On its part, the army is letting Khan take the lead in battling PDM but is expectedly refuting charges of interference in governance. While addressing the cadets of the Pakistan Military Academy on October 10, army chief Qamar Javed Bajwa said: “I count it a great honour that we stand before the nation as a trusted and accountable institution”. He also emphasised “Our actions are guided by constitution and the national interest of Pakistan”.
This is not the first time in Pakistan’s history that sections of its political class are seeking to take on the army. What is different now is that they are openly calling for it to be an apolitical force, as is traditional in true democracies. This goes against the grain of the army’s entrenched belief that it is the only institution that can uphold the country’s national interest, that all others are ineffective, and the political class is venal and corrupt. This thinking is reinforced by its view that India is a perpetual enemy. The army has ensured that this view of India becomes deeply entrenched among the Pakistani people. Now, even the few Pakistanis who stood for the normalisation of India-Pakistan ties have turned against India because they feel that this country has changed course after the 2019 elections.
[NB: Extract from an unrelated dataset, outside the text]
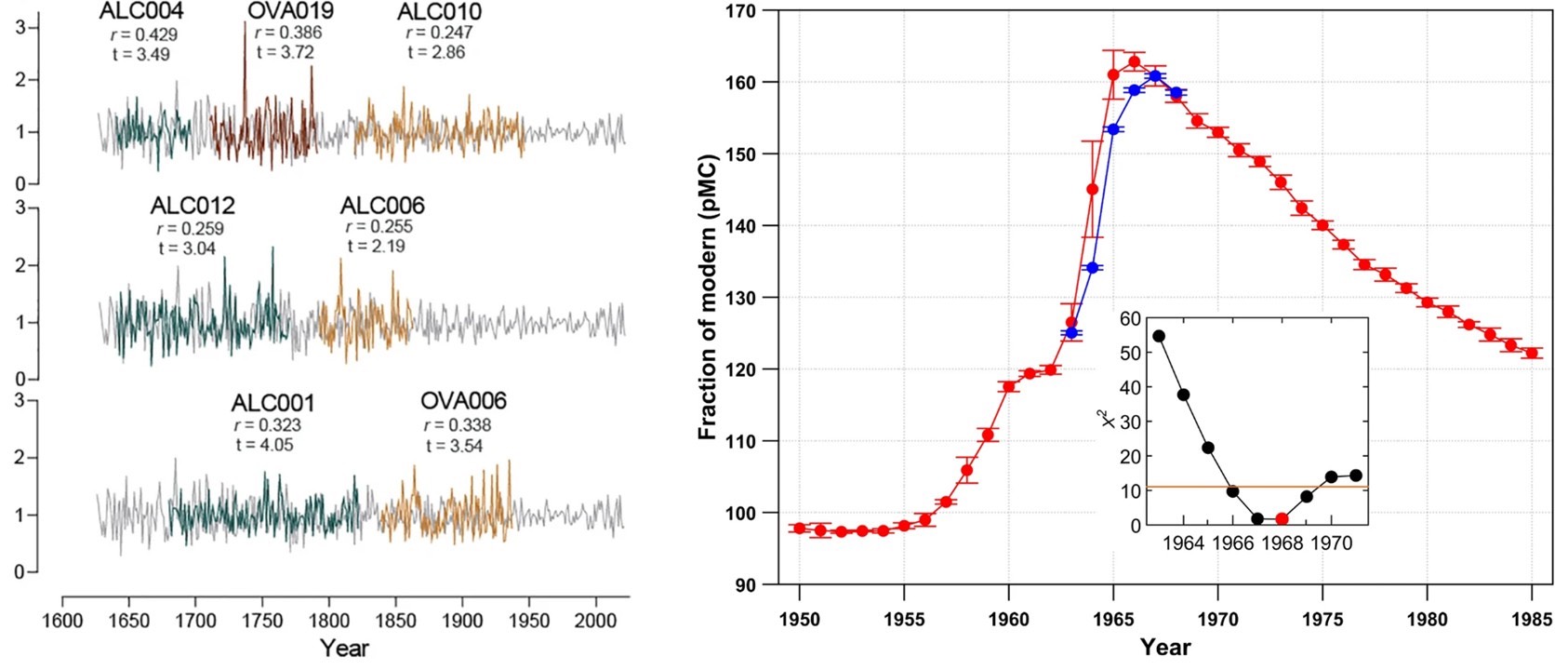 De cada sitio de muestreo se obtuvo un mínimo de 15 durmientes en buen estado de conservación y se analizaron sus anillos en laboratorio. Para determinar si estos servían como archivos climáticos y ambientales de largo plazo, se realizó un cruce de información cronológica con patrones de crecimiento de anillos de robles vivos del sur de Chile (Figura 2A). Con ello se lograron datar o fechar las muestras de anillos de crecimiento provenientes de los durmientes. Para corroborar estas dataciones, se comparó también el nivel de radiocarbono de los durmientes con la curva del hemisferio sur de radiocarbono para el período conocido como el “pico de la bomba”, el cual es el período de detonaciones nucleares masivas ocurridas durante la Guerra Fría y que ha quedado registrado globalmente en los anillos de árboles de ese período (Figura 2B).
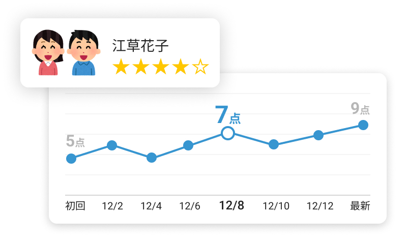 コミュニケーションシートを活用することで、本人や家族、ケアマネージャーに根拠のある説明が行いやすくなります。「トルト」上で結果を第三者に共有することも可能なため、家族や多職種にもリアルタイムでわかりやすく状況を共有することが可能になります.

Will the PDM succeed in consolidating the substantial disillusionment against the Khan government as well as creating a sentiment for the army to confine itself only to its professional duties?
The government has failed on different fronts since it assumed office. The economy continues to be in a mess and the macroeconomic targets set by IMF remain unmet. Consequently, the Fund is demanding an end to tax loopholes, increase in electricity rates and greater autonomy for regulators. These are politically almost impossible to accomplish. Pakistan’s foreign policy is under strain too. Its Kashmir policy has not yielded results and the strains with the Arab peninsular states, especially Saudi Arabia, are enormous; Turkey cannot replace the Saudi connection. There is thus material to fan discontent against the Khan government.
The same will be difficult to do against the army, despite its support for Khan. Even if there is some discontent because of Bajwa’s extension, the army will close ranks to protect its role in the polity.
The India factor will be used to remind the people that it is needed to protect them, especially at this time. The army’s capacity to break Opposition unity should also never be underestimated.
The October 16 rally may, therefore, give an indication of both the capability of the opposition and the army’s strategy.